In 2019, it was fine, mostly, but everyone once in a while, our elevator, which was the only Spark Max on the system, would behave a little jittery, or would not respond. There was no obvious issue, to us anyway, but a CSA looked at our code, and our robot, and the driver station, and frowned, and borrowed a screwdriver and played with our wires and said that our wiring wasn’t so good. Tighten down the wiring. It seemed to work.
Fast forward to this year. We’ve got Spark Max/Neo combinations for all four drive wheels, plus our shooter. In two of our competition matches this year, at some point, we lost the left side drive train. We couldn’t move, unless you count spinning in a circle. The drive team checked the joystick during the match. (Tank drive style, two joystick control) Both joysticks are responding normally. After the match, they inspect. Everything mechanical looks normal. The software for this part of the drive is extra simple. Read joystick, apply deadband, set motor speed. Works like a charm all the time. Nothing funky in the software that could produce some occasional error.
Brink robot back to pits. Everything is normal. It works great.
So, we start asking, what happened? Drive team suspects software error. Of course. If you can’t see it, it must be a software error. Speaking as the software mentor, I’m confident it wasn’t a software error. No problem with chains. No problem with wheels or transmissions. Joystick was checked while still on the field. It was responding in the driver station, but the left side wasn’t moving.
Can bus error, maybe?
I check the driver station. I’m not exactly a driver station expert. I check events. No exceptions or funky warnings. Look at CAN bus utilization in the log. I see a fuzzy gray area centered around 30%. No big spikes. I don’t know what I’m looking for, just “something odd”. However, I don’t see anything odd.

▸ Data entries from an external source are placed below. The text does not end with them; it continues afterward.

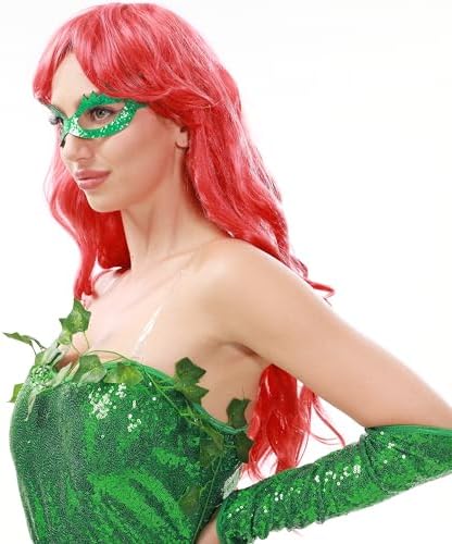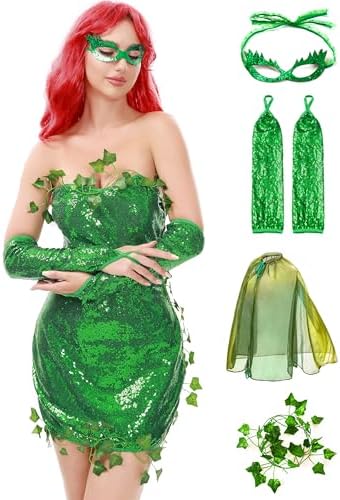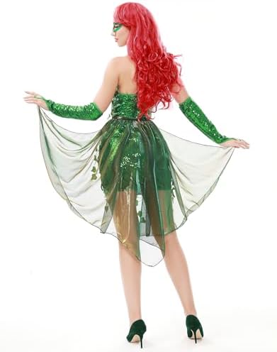 Funna Poison Costume Women Ivy Halloween Outfit 4 Piece with Eye Mask Gloves Cape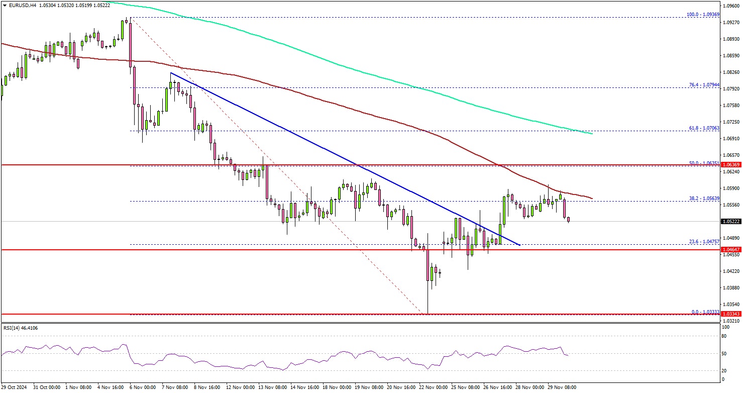 The Euro formed a base above 1.0350 and started a recovery wave against the US Dollar. EUR/USD cleared the 1.0450 and 1.0500 levels to move into a positive zone.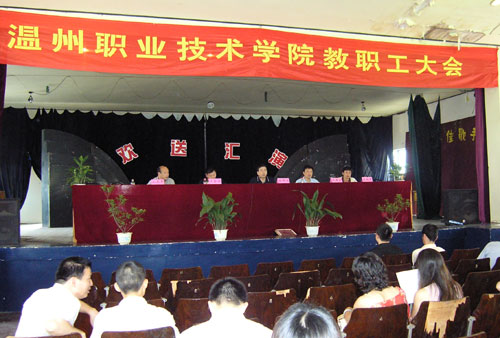 9月3日上午,我院在分院大礼堂召开新学期教职工大会,学院领导周锦成、倪集崇、吴金法、夏晓军、兰玉景及全体教职工出席了会议。周锦成院长在会上要求大家在新的一学期要以邓小平理论和“三个代表”重要思想为指导,深入开展保持共产党员先进性教育活动,以评估优秀为标准,以全国示范为目标,全面启动教育部人才培养工作水平评估的迎评工作,厚德长技,举品牌旗,走特色路,全力打造高职教育的质量品牌。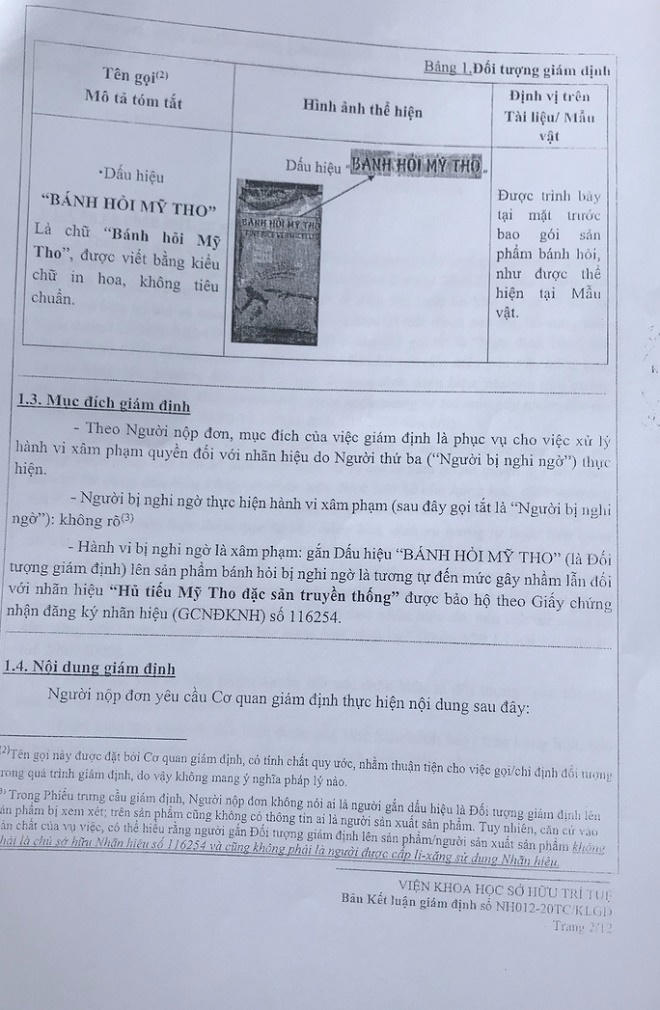 Ngày 14/1/2020, Viện KHSHTT có văn bản, nêu “Hành vi bị nghi ngờ là xâm phạm: Gắn dấu hiệu “bánh hỏi Mỹ Tho” (là đối tượng giám định) lên sản phẩm bánh hỏi bị nghi ngờ là tương tự đến mức gây nhầm lẫn với nhãn hiệu “Hủ tiếu Mỹ Tho truyền thống” được bảo hộ theo Giấy chứng nhận đăng ký nhãn hiệu số 116254”.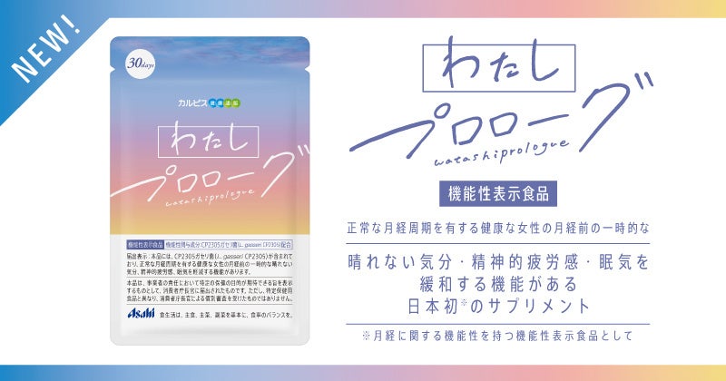 健康食品の通信販売ブランド「カルピス健康通販」にて2024年1月25日(木)より発売。アサヒグループ独自の乳酸菌「CP2305ガセリ菌」を配合したフェムケア*¹商品で、月経に関する機能性(健康な女性の月経前の一時的な晴れない気分の軽減)を訴求する機能性表示食品は日本初*²。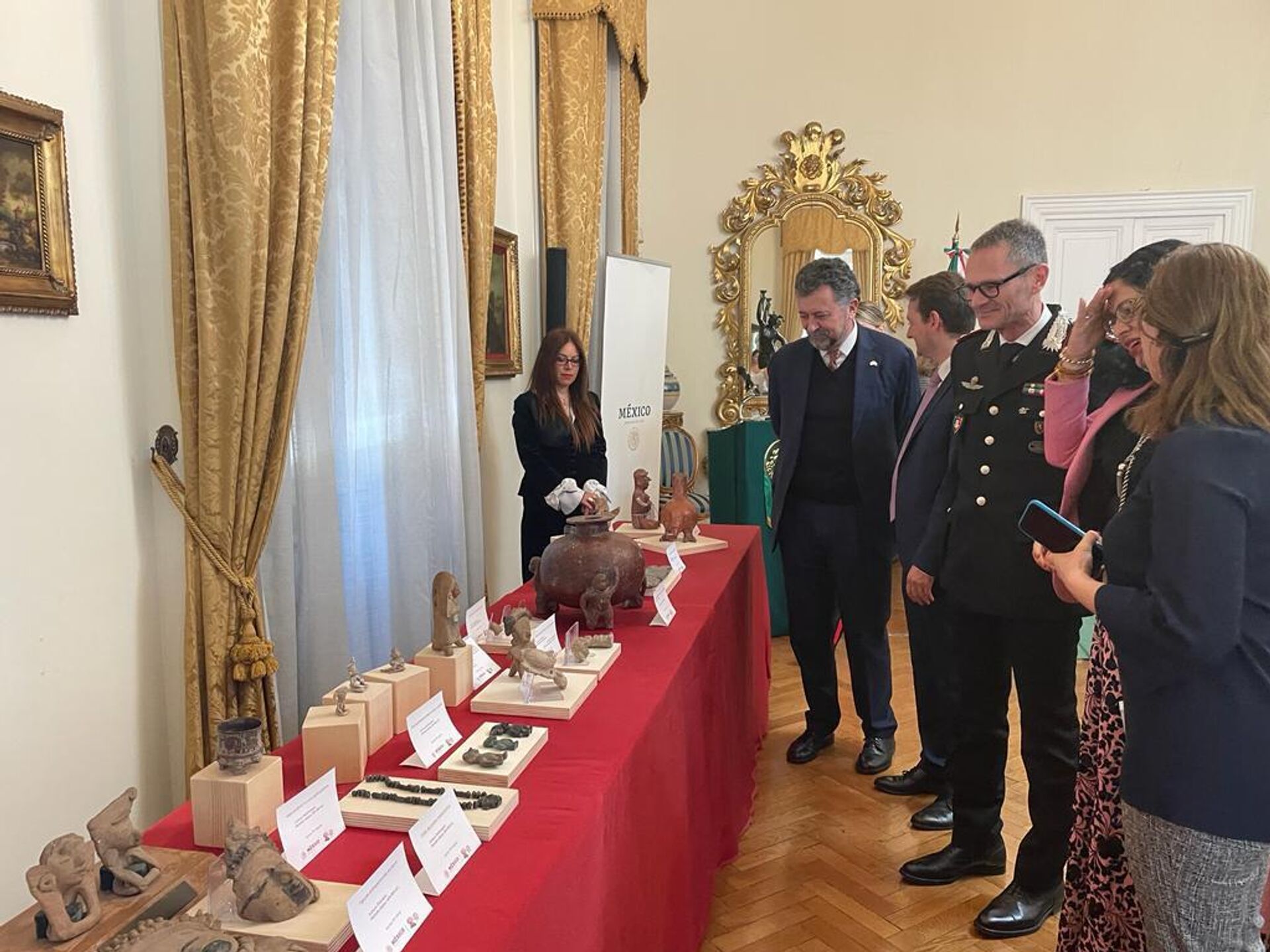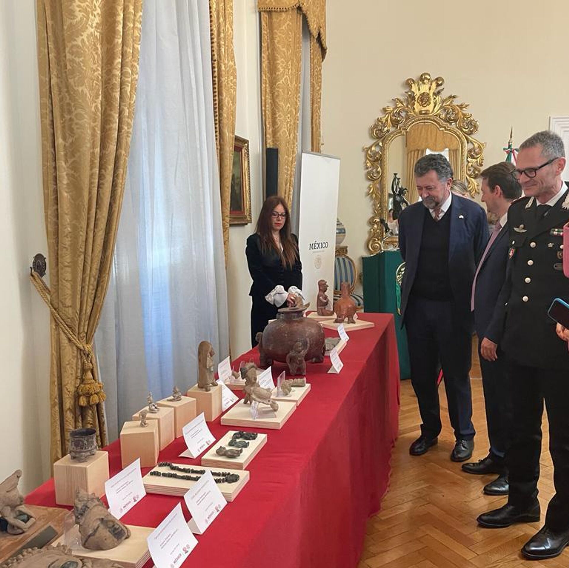 En la ceremonia de entrega estuvieron presentes el embajador de México en Italia, Carlos García de Alba, y el comandante del Arma de los Carabineros encargado del patrimonio cultural, el general Vincenzo Molinese.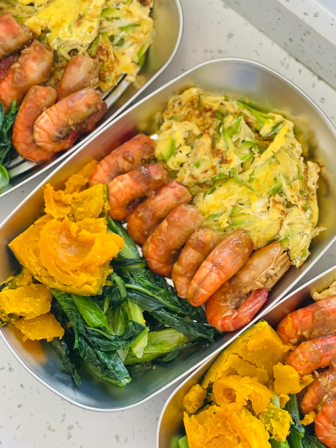 西葫芦煎鸡蛋 罗氏虾 油麦菜 贝贝南瓜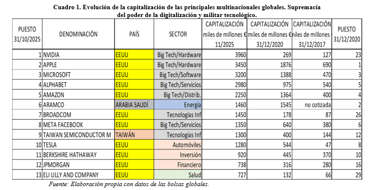 Es evidente que ha habido un cambio radical en las pautas de poder y dominio entre sectores productivos, con una dinámica en la que la manufactura y la energía, dominadoras en el pasado de la capitalización global, se han visto sustituidas de manera radical por las tecnológicas que, a su vez, están absorbiendo y controlando las empresas asociadas a los medios de comunicación, unificando la información y el discurso público y cultural a sus intereses.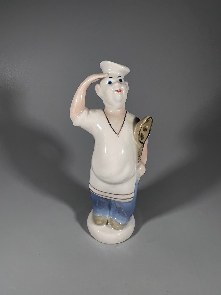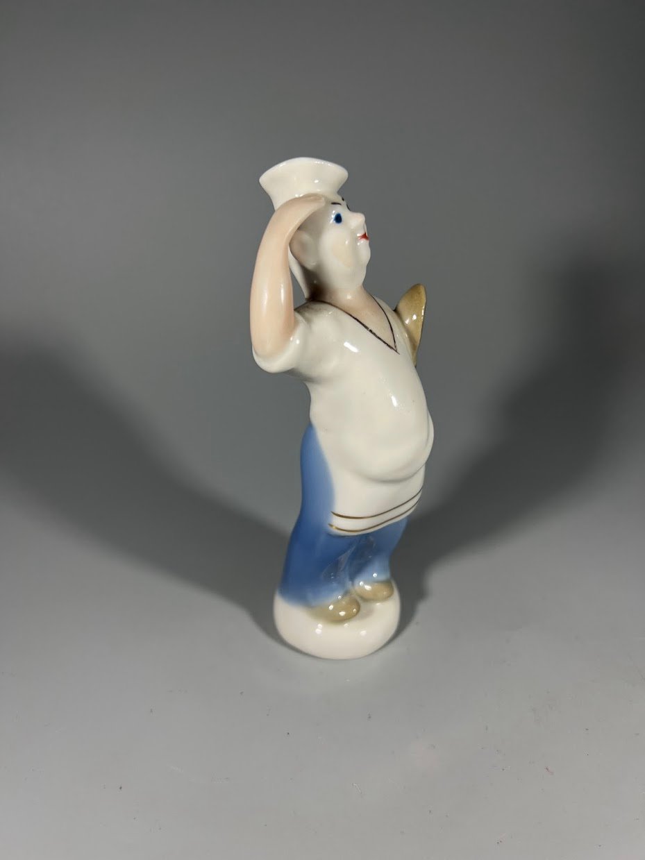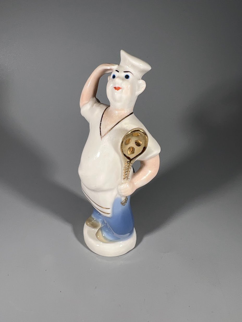 Statulėlė porcelianinė Virėjas, laivo kokas, sovietinė, tarybinių laikų, Polonės meninės keramikos gamykla, ZHK, 1950–1960 m. Aukštis 13 cm. Kaina 38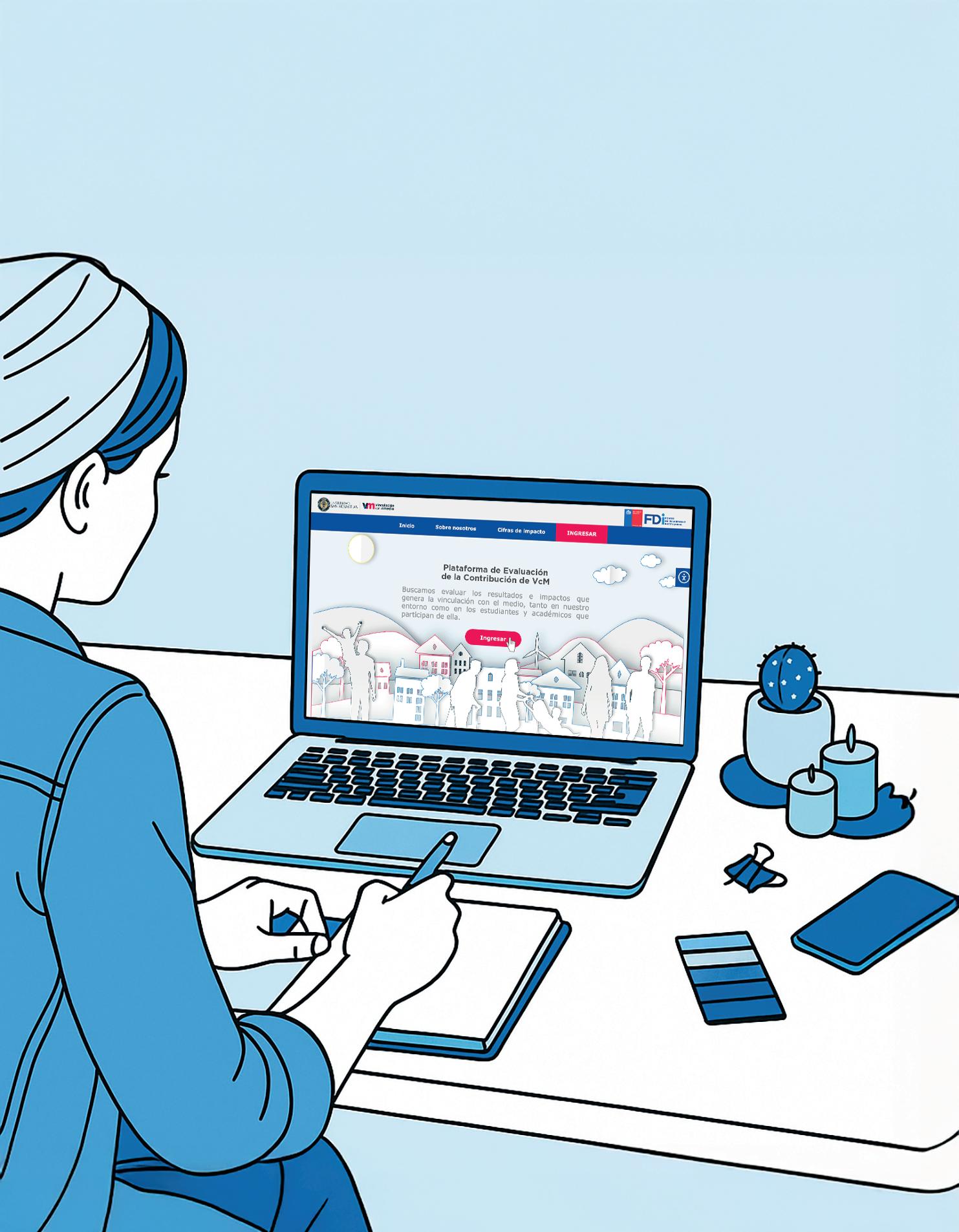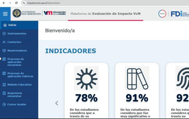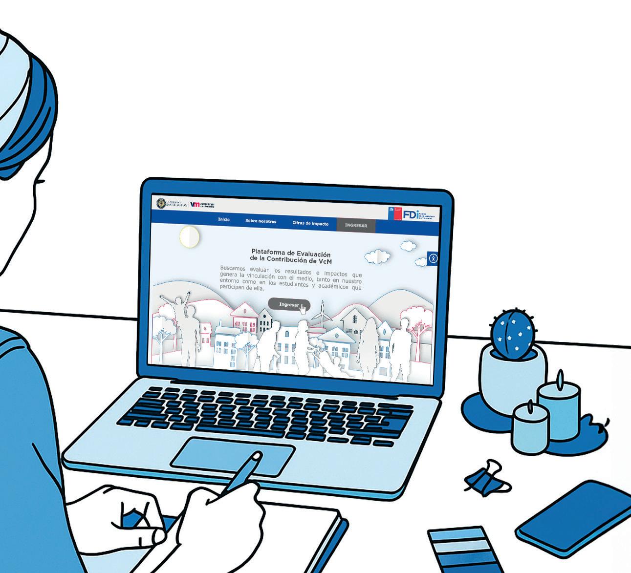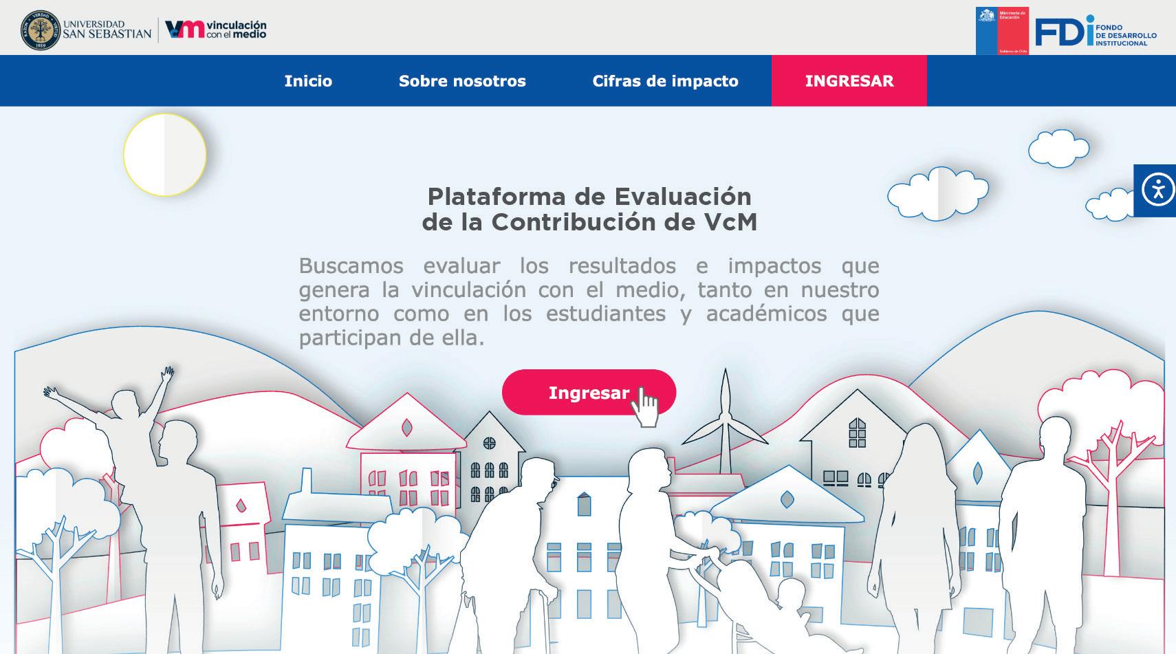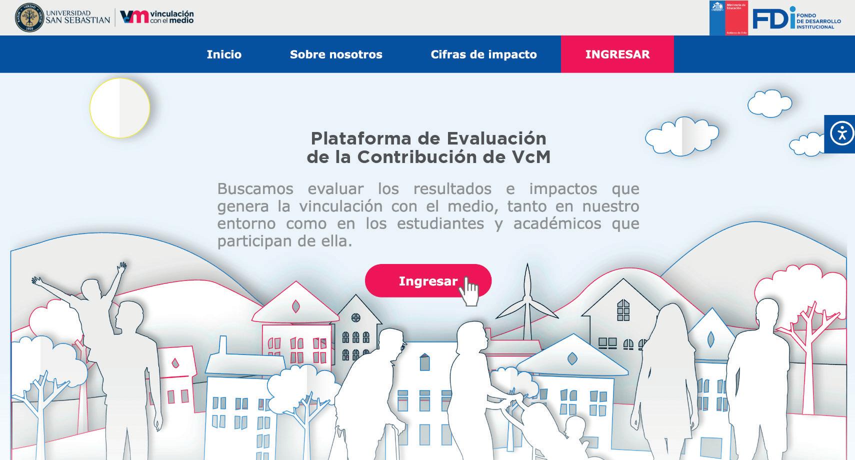 Para facilitar lo anterior e impulsar la implementación del Sistema Integrado de Evaluación de la Contribución e impacto de la VcM¹, se pone a disposición la Plataforma de Evaluación de la Contribución de VcM, la cual permite a los académicos aplicar instrumentos que indaguen la percepción de los actores participantes y el grado de cumplimiento de los resultados e impactos esperados de la VcM en la USS, establecidos en el Modelo de Evaluación de la Contribución e Impacto VcM USS² .

It’s not something crazy like bad configuration of CAN IDs. Those would cause problems every time. Software logic errors would show up a lot more frequently in simple code like this. It happened twice, out of 28 competition matches, 5 practice matches, and several hours of operation in our practice area. (Besides which, the code for moving the right side wheels is inside the same set of brackets as the left side wheels. Java code. If it wasn’t updating the left side, it wouldn’t update the right side.) No broken chains, and no sign of sticking wheels or anything funky mechanically.
My mind, though, goes back a few years to that CSA who saw something in our logs, frowned, and started fixing wires. What was it that she saw? I really have no idea myself. I’m not sure what information there was available. All I can see is utilization, and we’re fine. What do you suppose she saw? In general, is it common to have intermittent CAN errors, and if so, what would we see in the logs if it were happening?
And, is there any other non-mechanical way of causing two motors to stop responding? In one of the two matches where the phenomenon happened, we did have an abnormally high level of packet loss, but it seems odd that it would affect only one pair of motors, and no other system. Also, in the other match where it happened, we didn’t have high levels of packet loss.
Our pneumatic systems, and the other motors (two right side motors, plus shooter) were working fine.
Any suggestions would be welcome.